Christian Pfeiffer is an Assistant Professor of Philosophy at the University of Toronto Scarborough. His work focuses on Aristotle’s physics and metaphysics. He published a monograph on Aristotle’s conception of body, entitled Aristotle’s Theory of Bodies (Oxford UP, 2018). His current research projects include a monograph on Aristotle’s Metaphysics, Book H, and a series of articles connected to his theory of hylomorphism.

Ute Pietruschka is research associate at the project “Union Catalogue of Oriental Manuscripts” of the Göttingen Academy of Sciences and Humanities. She is lecturer at the University of Halle and the Free University Berlin. Her scientific interests focus on Christian-Arabic, Ethiopic, and Islamic studies, manuscript studies, and the transmission of Greek knowledge to the Islamicate world.

David T. Runia is Professorial Fellow in the School of Historical and Philosophical Studies at the University of Melbourne and Honorary Professor in the Institute for Religion and Critical Inquiry at the Australian Catholic University. Together with Jaap Mansfeld he published in 2020 a new edition and commentary on the Placita of the doxographer Aëtius. He has also published widely on Greek, Hellenistic-Jewish, and Patristic philosophy.

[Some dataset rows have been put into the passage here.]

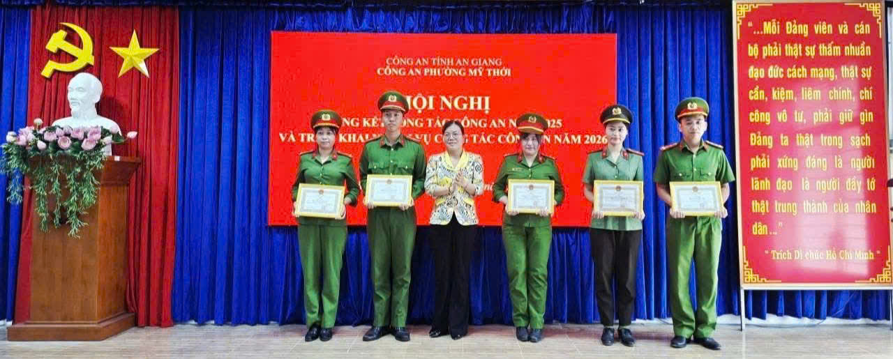 Dịp này, Công an tỉnh An Giang và UBND phường Mỹ Thới đã trao tặng Giấy khen cho 25 cá nhân có thành tích xuất sắc trong phong trào thi đua “Vì an ninh Tổ quốc” và công tác Công an năm 2025./
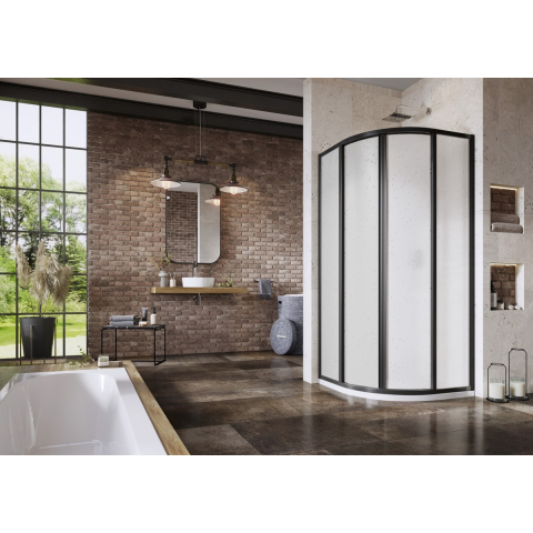 Zuhanysarok tálca nélkül fekete színben, a felület átlátszatlan műanyagból készült pearl dekorral. Tolóajtó rendszer. Bal és jobb oldali tájolás is.
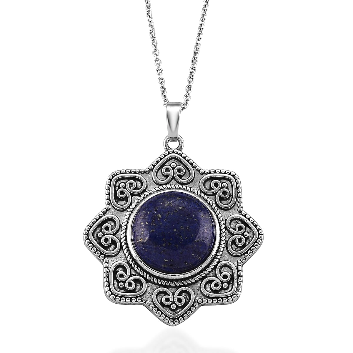Lapis Lazuli 38.00 ctw Pendant in Silvertone with Stainless Steel Necklace 20 Inches
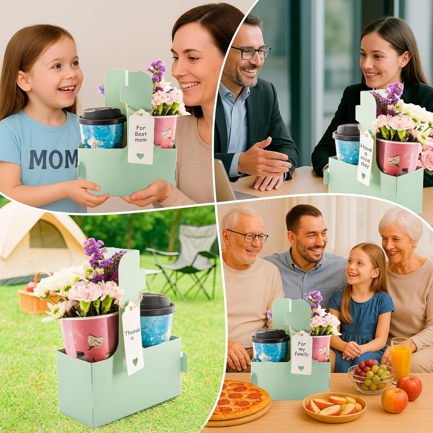 - Sufficient quantity: Our coffee holder package contains a total of 10 green cardboard two-cup drink holders, and also comes with love cards and rope. You can write their message or wishes on the card and place them on the paper cup holder with the rope. It is suitable for Teacher Appreciation Week and Mother's Day, Valentine's Day and other festivals
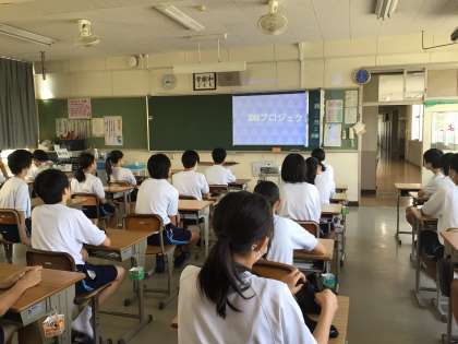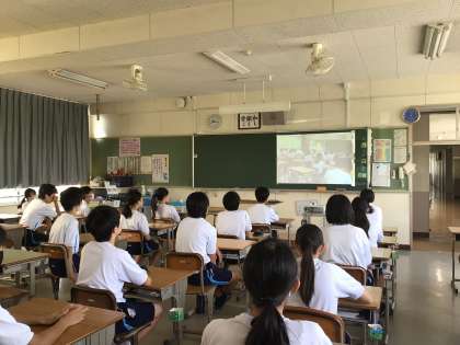 下の写真は、その映像を見ている2年7組の生徒たちです。後輩の取組の様子をしっかりと見ていました。タブレットが導入されたことによって、活動を記録するにも、共有するにも、とても便利になりました。
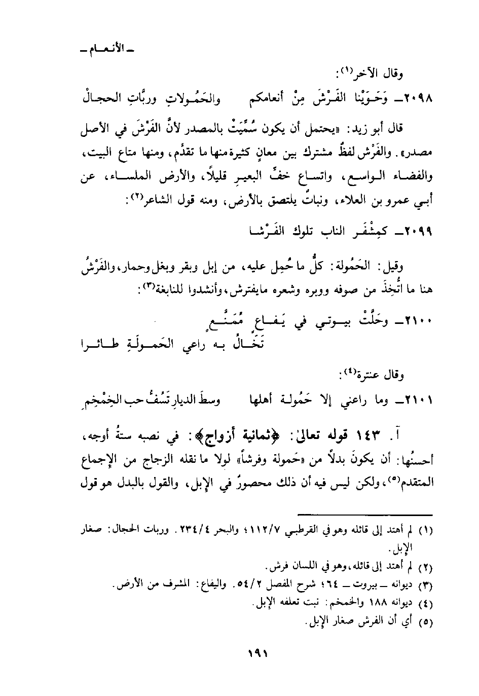 2099 - كمِشْفَر الناب تلوك الفَرْشا ... وقيل: الحَمُولة: كلُّ ما حُمِل عليه، من إبل وبقر وبغل وحمار، والفَرْشُ هنا ما اتُّخِذَ من صوفه ووبره وشعره ما يفترش، وأنشدوا للنابغة:
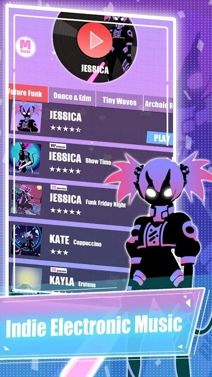 2、缪斯计划》的音乐充满强烈的电子感,节奏明快有力,每次按键都能给玩家带来非常清晰的反馈,让人仿佛真的置身于钢琴演奏的情境之中。目前游戏仅提供Phyllis和Eva两首曲目供选择,且由于采用无尽模式设计,暂时没有不同难度等级可供切换,这对于刚接触的新手而言,上手门槛会相对较高。两首曲子在风格上的区分度不算明显,但随着游戏进程推进,曲目的音色、节奏以及和弦等元素都会逐渐发生变化。
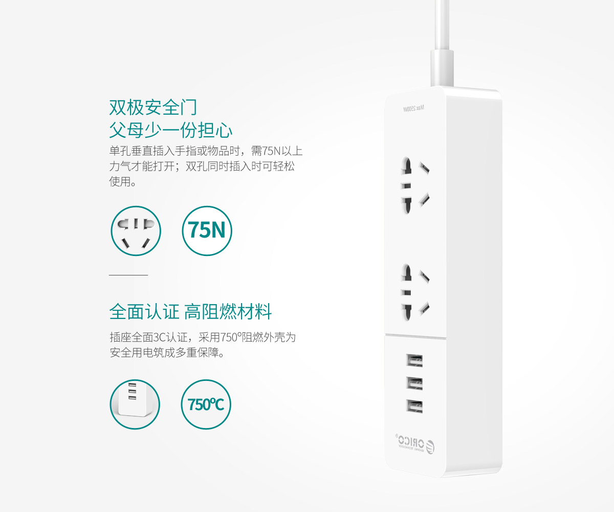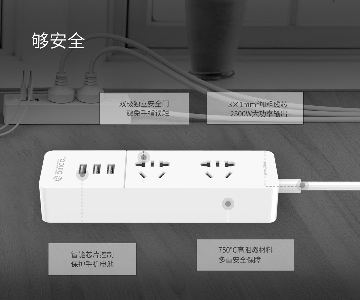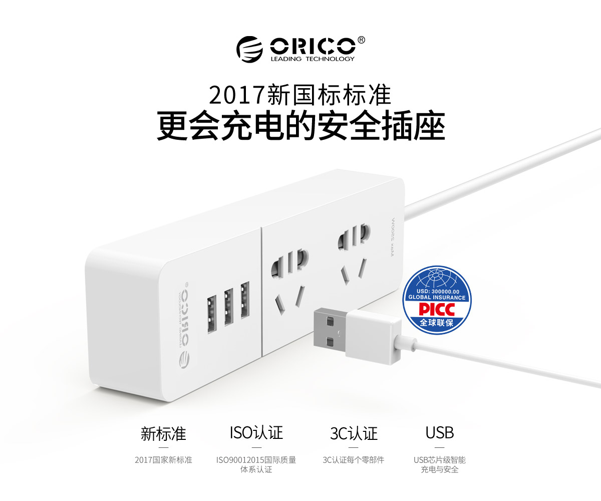 新國(guó)標(biāo)2AC口3usb便攜桌面式排插
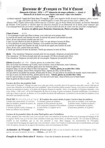 -Dimanche 15 février 9H30 messe à Escautpont – à 11 H messe à Condé St Wasnon
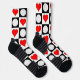 Fun high performance athletic crew socks for volleyball players, coaches and fans, with a seamless black and white chequered pattern featuring volleyballs on the black squares and bright red hearts on the white squares. These are perfect for volleyball players to wear to volleyball practices and team events, or any time during volleyball season. Great for volleyball coaches and fans as well!

Bethany Somma is a postdoctoral researcher at the LMU in Munich. Their research focuses on psychology and ethics in ancient Greek philosophy and philosophy of the Islamic world, on which they have written several articles. They are the author of a monograph on desire in Aristotelian and Neoplatonic philosophy entitled Models of Desire in Graeco-Arabic Philosophy: From Plotinus to Ibn Ṭufayl (Brill, 2021).

Teun Tieleman is Professor of Ancient Philosophy and Medicine at the University of Utrecht. He specializes in the work of the physician-cum-philosopher Galen of Pergamum and in ancient Stoicism. At Utrecht he directs the research project Human Nature: Medical and Philosophical Perspectives in the Work of Galen of Pergamum. He is also co-director of the Anchoring Innovation programme, an interdisciplinary project designed to study the phenomenon of innovation in classical antiquity.

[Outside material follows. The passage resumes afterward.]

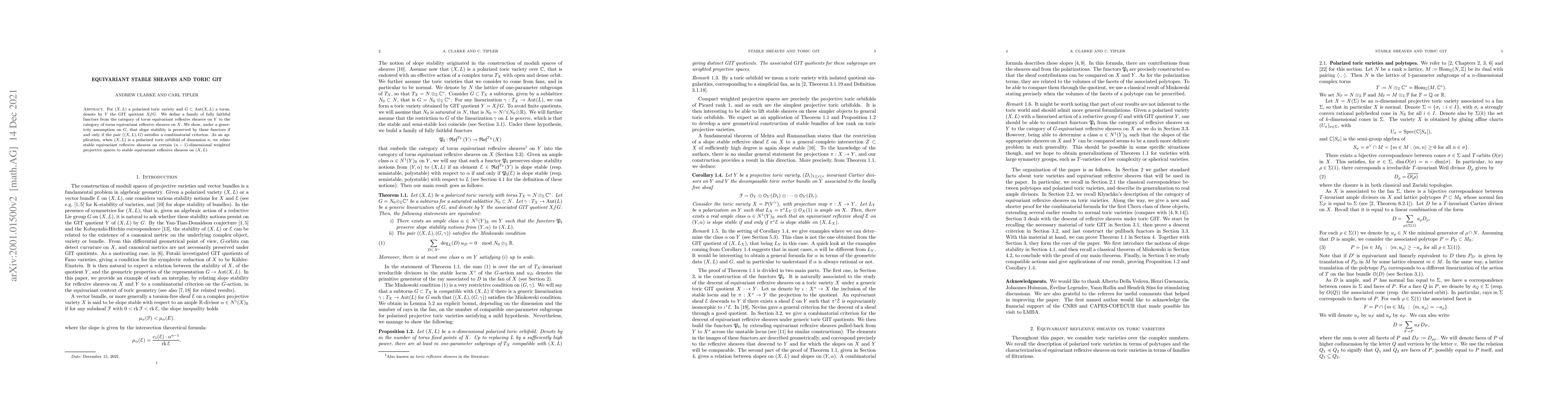 This paper establishes a connection between equivariant stable sheaves on polarized toric varieties and their GIT quotients, demonstrating that slope stability is preserved under certain functors if specific combinatorial conditions are met. It also applies these findings to relate stable equivariant reflexive sheaves on toric orbifolds to those on weighted projective spaces.

Elvira Wakelnig is Assistant Professor of Arabic Philosophy at the Department of Near Eastern Studies at the University of Vienna. She obtained her doctorate from the university of Erlangen-Nürnberg in 2006 and then worked as a post-doctoral researcher in Bochum, London, Halle, Warwick, Pisa, Lausanne, and Vienna. Her research focuses on the transmission of Greek sciences into Arabic and on the intellectual history of the Islamicate World.